3.1.1Spherelike and voidlike SPs

First, a typical transmission spectrum of a complete silver nanoshell array embedded in air under normal incidence is shown in Fig. 2(a) in which a series of transmission peaks with 100% transmittance are observed due to the excitation of different types of SP modes [40]. Basically, the resonance at 479 nm is caused by a delocalized Bragg-type SP mode [4143] that relies on a strong near-field interaction on adjacent nanoshells. It is well known that SPPs waves propagating along a planar surface of metal cannot be directly coupled to incoming light. But with periodic arranged coupling elements, for example, holes [41,42], voids [7,43], the incident optical field is Bragg scattered and couple to the SPPs, leading to Bragg-type plasmons. The sharp resonance at 532 nm is due to the excitation of the dipolar void mode of individual metallic nanoshells.

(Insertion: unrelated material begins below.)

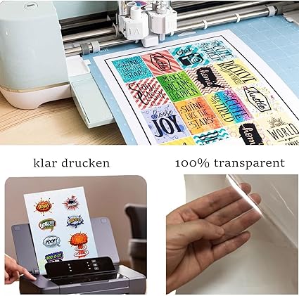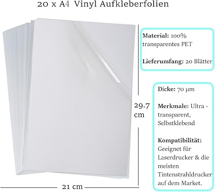 20 yaprak çıkartma folyosu: FOLANDO şeffaf çıkartma kağıdı seti, kendinden yapışkanlı folyolu 20 yaprak A4 kağıt içerir. Lazer yazıcı ve mürekkep püskürtmeli yazıcı için uygundur.

The resonances at 614 nm and 810 nm can be assigned as the quadrupolar and hexapolar spherelike SP resonances respectively, as they are related to the quadrupolar and hexapolar SP resonances of single metallic nanoshells in a good approximation [40]. In contrast to the voidlike mode, the field of spherelike modes is distributed on the outer surfaces of the nanoshells and thus they suffer more radiation losses and appear so broad [9].

 figure: Fig. 2

Fig. 2 (Color online) (a) The transmission spectrum of a whole nanoshell array with r1 = 200 nm, r2 = 250 nm, ε1 = ε2 = 1.0 and a = 520 nm. (b) The normal incidence transmission spectra of the opening nanocup array as a function of the opening angle θ and wavelength, displayed in the form of a color scale diagram.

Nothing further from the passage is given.